> Directions
All of the entries should be returned without a single change.
╔══
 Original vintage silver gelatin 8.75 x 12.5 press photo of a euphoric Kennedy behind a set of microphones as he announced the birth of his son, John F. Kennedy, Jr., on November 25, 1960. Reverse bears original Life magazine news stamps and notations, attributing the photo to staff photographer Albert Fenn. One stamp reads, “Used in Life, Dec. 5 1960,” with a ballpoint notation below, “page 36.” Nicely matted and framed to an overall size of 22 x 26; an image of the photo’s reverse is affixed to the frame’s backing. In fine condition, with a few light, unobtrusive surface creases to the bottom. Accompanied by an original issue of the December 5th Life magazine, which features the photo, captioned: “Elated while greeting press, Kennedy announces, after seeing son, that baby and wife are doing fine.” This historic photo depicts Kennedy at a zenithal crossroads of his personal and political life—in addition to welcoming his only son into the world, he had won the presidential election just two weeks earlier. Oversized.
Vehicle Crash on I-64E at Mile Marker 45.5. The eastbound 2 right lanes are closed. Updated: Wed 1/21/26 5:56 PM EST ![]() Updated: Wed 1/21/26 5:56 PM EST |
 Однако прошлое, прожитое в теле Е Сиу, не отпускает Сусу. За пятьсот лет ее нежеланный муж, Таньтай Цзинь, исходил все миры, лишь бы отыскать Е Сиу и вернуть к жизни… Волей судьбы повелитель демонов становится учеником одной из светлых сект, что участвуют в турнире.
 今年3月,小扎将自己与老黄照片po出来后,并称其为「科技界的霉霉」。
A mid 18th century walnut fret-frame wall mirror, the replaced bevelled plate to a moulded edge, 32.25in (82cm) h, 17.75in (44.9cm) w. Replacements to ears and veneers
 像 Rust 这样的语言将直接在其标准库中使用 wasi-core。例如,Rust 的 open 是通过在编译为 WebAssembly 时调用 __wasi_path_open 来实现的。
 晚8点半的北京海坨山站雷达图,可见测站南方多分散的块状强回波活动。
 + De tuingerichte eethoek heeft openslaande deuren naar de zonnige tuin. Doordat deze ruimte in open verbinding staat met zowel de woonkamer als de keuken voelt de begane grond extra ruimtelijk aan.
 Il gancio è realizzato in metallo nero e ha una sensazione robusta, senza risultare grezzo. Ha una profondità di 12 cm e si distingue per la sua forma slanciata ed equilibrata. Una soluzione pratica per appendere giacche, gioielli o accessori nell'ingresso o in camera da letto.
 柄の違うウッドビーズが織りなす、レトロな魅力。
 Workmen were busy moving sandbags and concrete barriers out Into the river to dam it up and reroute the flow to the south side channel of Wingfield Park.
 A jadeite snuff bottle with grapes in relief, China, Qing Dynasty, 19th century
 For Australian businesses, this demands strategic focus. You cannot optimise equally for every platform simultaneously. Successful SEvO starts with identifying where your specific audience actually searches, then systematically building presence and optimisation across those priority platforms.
╚══
> Reply
 Original vintage silver gelatin 8.75 x 12.5 press photo of a euphoric Kennedy behind a set of microphones as he announced the birth of his son, John F. Kennedy, Jr., on November 25, 1960. Reverse bears original Life magazine news stamps and notations, attributing the photo to staff photographer Albert Fenn. One stamp reads, “Used in Life, Dec. 5 1960,” with a ballpoint notation below, “page 36.” Nicely matted and framed to an overall size of 22 x 26; an image of the photo’s reverse is affixed to the frame’s backing. In fine condition, with a few light, unobtrusive surface creases to the bottom. Accompanied by an original issue of the December 5th Life magazine, which features the photo, captioned: “Elated while greeting press, Kennedy announces, after seeing son, that baby and wife are doing fine.” This historic photo depicts Kennedy at a zenithal crossroads of his personal and political life—in addition to welcoming his only son into the world, he had won the presidential election just two weeks earlier. Oversized.
Vehicle Crash on I-64E at Mile Marker 45.5. The eastbound 2 right lanes are closed. Updated: Wed 1/21/26 5:56 PM EST ![]() Updated: Wed 1/21/26 5:56 PM EST |
 Однако прошлое, прожитое в теле Е Сиу, не отпускает Сусу. За пятьсот лет ее нежеланный муж, Таньтай Цзинь, исходил все миры, лишь бы отыскать Е Сиу и вернуть к жизни… Волей судьбы повелитель демонов становится учеником одной из светлых сект, что участвуют в турнире.
 今年3月,小扎将自己与老黄照片po出来后,并称其为「科技界的霉霉」。
A mid 18th century walnut fret-frame wall mirror, the replaced bevelled plate to a moulded edge, 32.25in (82cm) h, 17.75in (44.9cm) w. Replacements to ears and veneers
 像 Rust 这样的语言将直接在其标准库中使用 wasi-core。例如,Rust 的 open 是通过在编译为 WebAssembly 时调用 __wasi_path_open 来实现的。
 晚8点半的北京海坨山站雷达图,可见测站南方多分散的块状强回波活动。
 + De tuingerichte eethoek heeft openslaande deuren naar de zonnige tuin. Doordat deze ruimte in open verbinding staat met zowel de woonkamer als de keuken voelt de begane grond extra ruimtelijk aan.
 Il gancio è realizzato in metallo nero e ha una sensazione robusta, senza risultare grezzo. Ha una profondità di 12 cm e si distingue per la sua forma slanciata ed equilibrata. Una soluzione pratica per appendere giacche, gioielli o accessori nell'ingresso o in camera da letto.
 柄の違うウッドビーズが織りなす、レトロな魅力。
 Workmen were busy moving sandbags and concrete barriers out Into the river to dam it up and reroute the flow to the south side channel of Wingfield Park.
 A jadeite snuff bottle with grapes in relief, China, Qing Dynasty, 19th century
 For Australian businesses, this demands strategic focus. You cannot optimise equally for every platform simultaneously. Successful SEvO starts with identifying where your specific audience actually searches, then systematically building presence and optimisation across those priority platforms.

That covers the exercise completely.